Each line of the data must be written out again verbatim; no image belongs in the copy.

◆ **Recorded data**:
────────

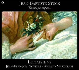Jean-Baptiste Stuck (1680-1755) : Cantates : L’Impatience ; Mars Jaloux ; Héraclite et Démocrite. Michele Mascitti (1664 ?-1760)  : Sonate XI à Deux violons & basse. François Duval (1672-1728) : Sonate Héraclite et Démocrite. Les Lunaisiens : Jean-François Novelli, taille ; Arnaud Marzorati, basse taille. Stéphanie Paulet et Bérengère Maillard, violons ; Benoît Toïgo et Marine Sablonnière, flûtes ; Isabelle Saint Yves, violoncelle ; Bertrand Cuiller, clavecin. 1 CD Alpha Réf. Alpha 111. Code barre : 3 760014 191114. Enregistrement à Paris, Eglise Notre-Dame du Liban en juin 2006. Notice bilingue (français, anglais). Durée : 66’23.
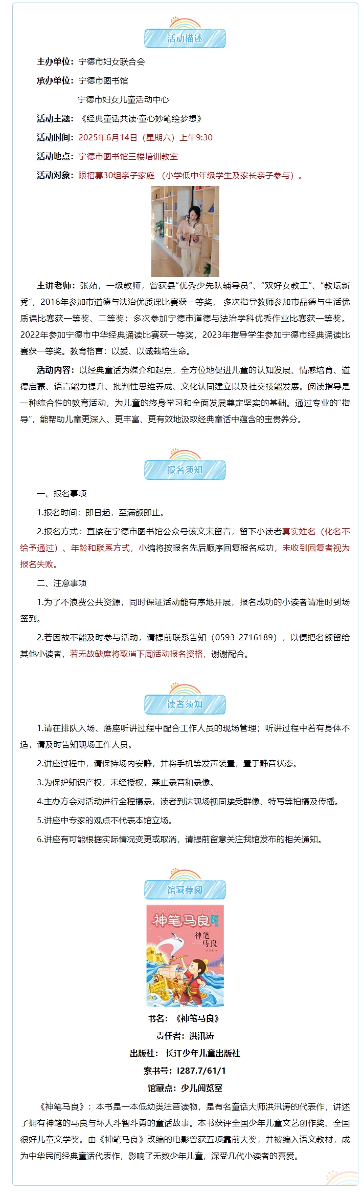 活动报名|“阅读暖童心 书香润家庭”第三期亲子诵读活动:《经典童话共读·童心妙笔绘梦想》
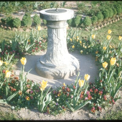 - Fernleaf yarrow (Achillea ‘Coronation Gold’) in four large beds on north and south sides of Herb Garden. Blooms yellow in May. Planted by Alice Callaway.
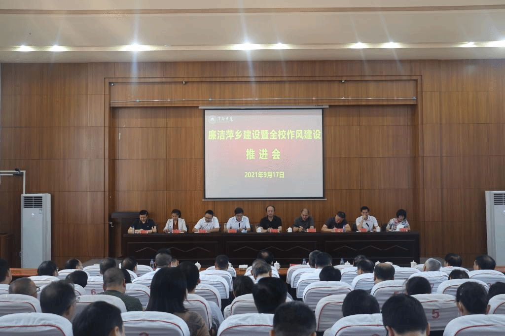 9月17日,beat365官网在至善楼学术报告厅召开廉洁萍乡建设暨全校作风建设推进会。全体在家校领导、校副处级以上领导干部、正高级职称教师参加会议。会议由校党委书记陈金印主持。
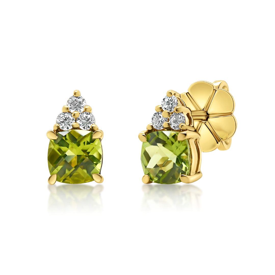 Cercei din aur galben de 18K cu Peridot și Diamante naturale
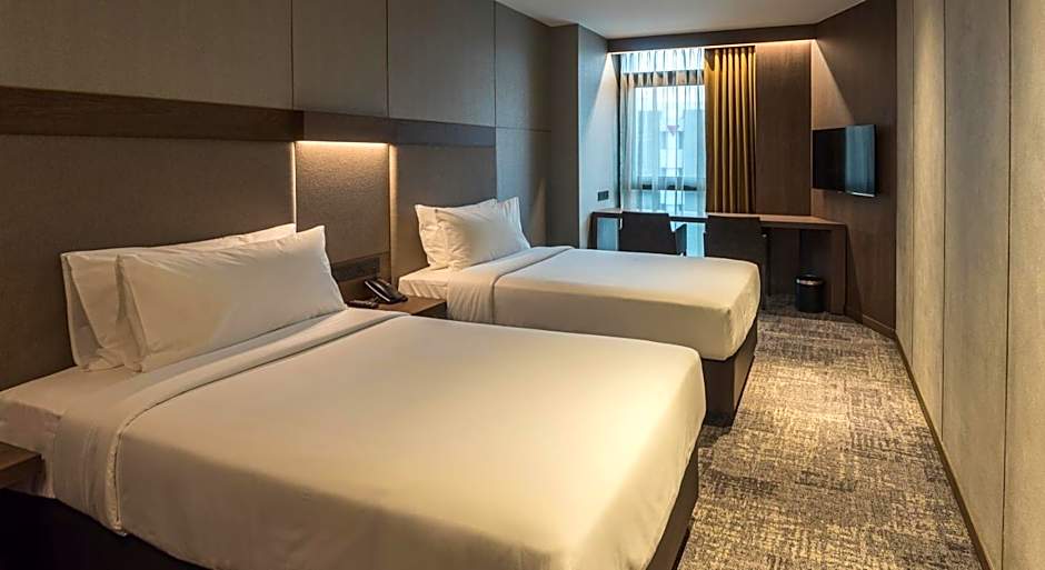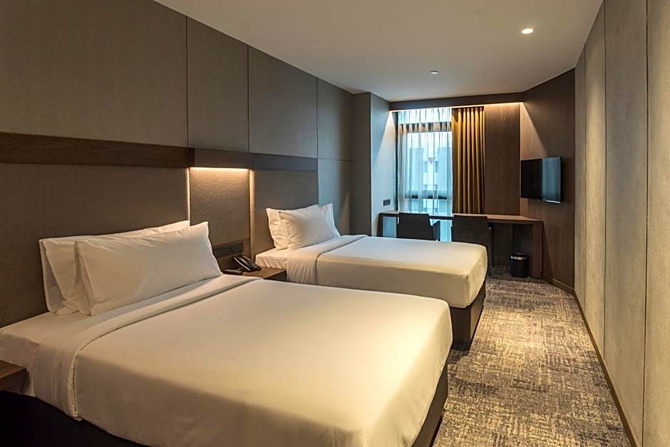 Furnished with warm tones, this air-conditioned twin room features a private balcony that opens up to views of the city. It is fitted with a flat-screen IPTV, a mini refrigerator and a safe. A writing desk with an Italian-made dress chair is available for your convenience. The private bathroom includes a standing shower and a hairdryer. Complimentary bottled water and tea/coffee facilities are replenished daily.
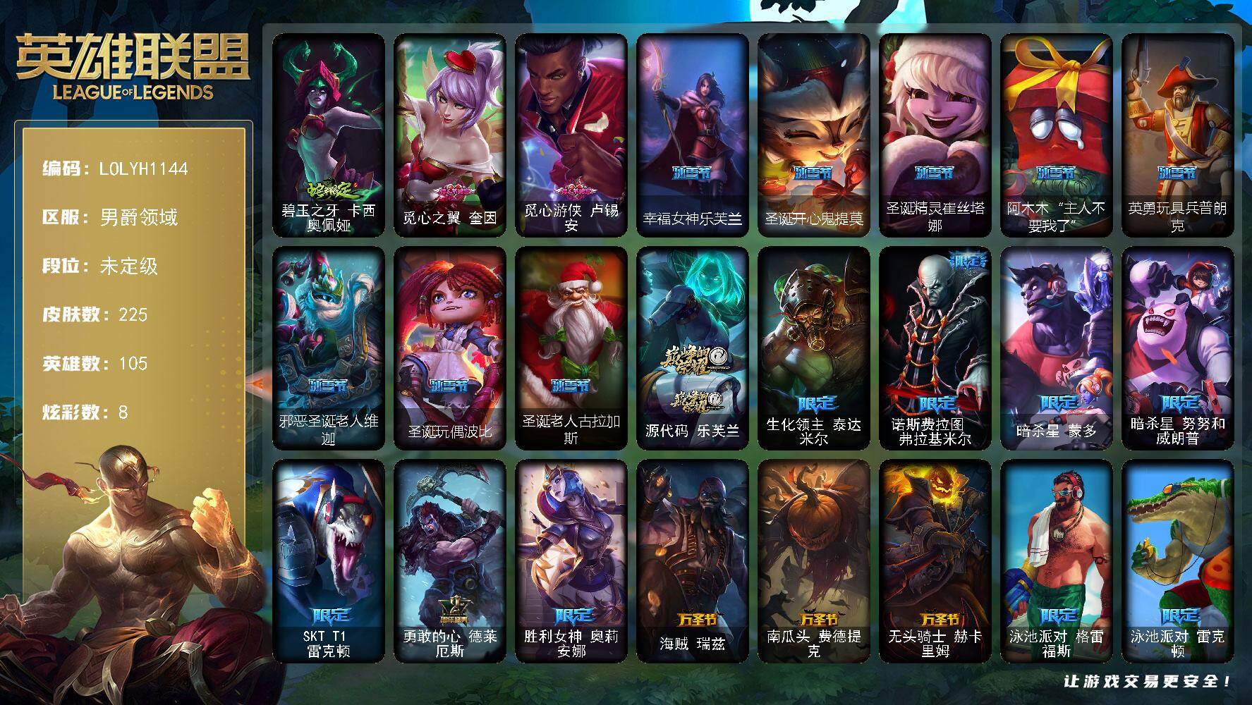 105英雄/225皮肤/1神话/30限定/1臻彩/8炫彩/18传说/66史诗/未定级

────────

◆ **ANSWER SECTION**:
Jean-Baptiste Stuck (1680-1755) : Cantates : L’Impatience ; Mars Jaloux ; Héraclite et Démocrite. Michele Mascitti (1664 ?-1760)  : Sonate XI à Deux violons & basse. François Duval (1672-1728) : Sonate Héraclite et Démocrite. Les Lunaisiens : Jean-François Novelli, taille ; Arnaud Marzorati, basse taille. Stéphanie Paulet et Bérengère Maillard, violons ; Benoît Toïgo et Marine Sablonnière, flûtes ; Isabelle Saint Yves, violoncelle ; Bertrand Cuiller, clavecin. 1 CD Alpha Réf. Alpha 111. Code barre : 3 760014 191114. Enregistrement à Paris, Eglise Notre-Dame du Liban en juin 2006. Notice bilingue (français, anglais). Durée : 66’23.
 活动报名|“阅读暖童心 书香润家庭”第三期亲子诵读活动:《经典童话共读·童心妙笔绘梦想》
 - Fernleaf yarrow (Achillea ‘Coronation Gold’) in four large beds on north and south sides of Herb Garden. Blooms yellow in May. Planted by Alice Callaway.
 9月17日,beat365官网在至善楼学术报告厅召开廉洁萍乡建设暨全校作风建设推进会。全体在家校领导、校副处级以上领导干部、正高级职称教师参加会议。会议由校党委书记陈金印主持。
 Cercei din aur galben de 18K cu Peridot și Diamante naturale
 Furnished with warm tones, this air-conditioned twin room features a private balcony that opens up to views of the city. It is fitted with a flat-screen IPTV, a mini refrigerator and a safe. A writing desk with an Italian-made dress chair is available for your convenience. The private bathroom includes a standing shower and a hairdryer. Complimentary bottled water and tea/coffee facilities are replenished daily.
 105英雄/225皮肤/1神话/30限定/1臻彩/8炫彩/18传说/66史诗/未定级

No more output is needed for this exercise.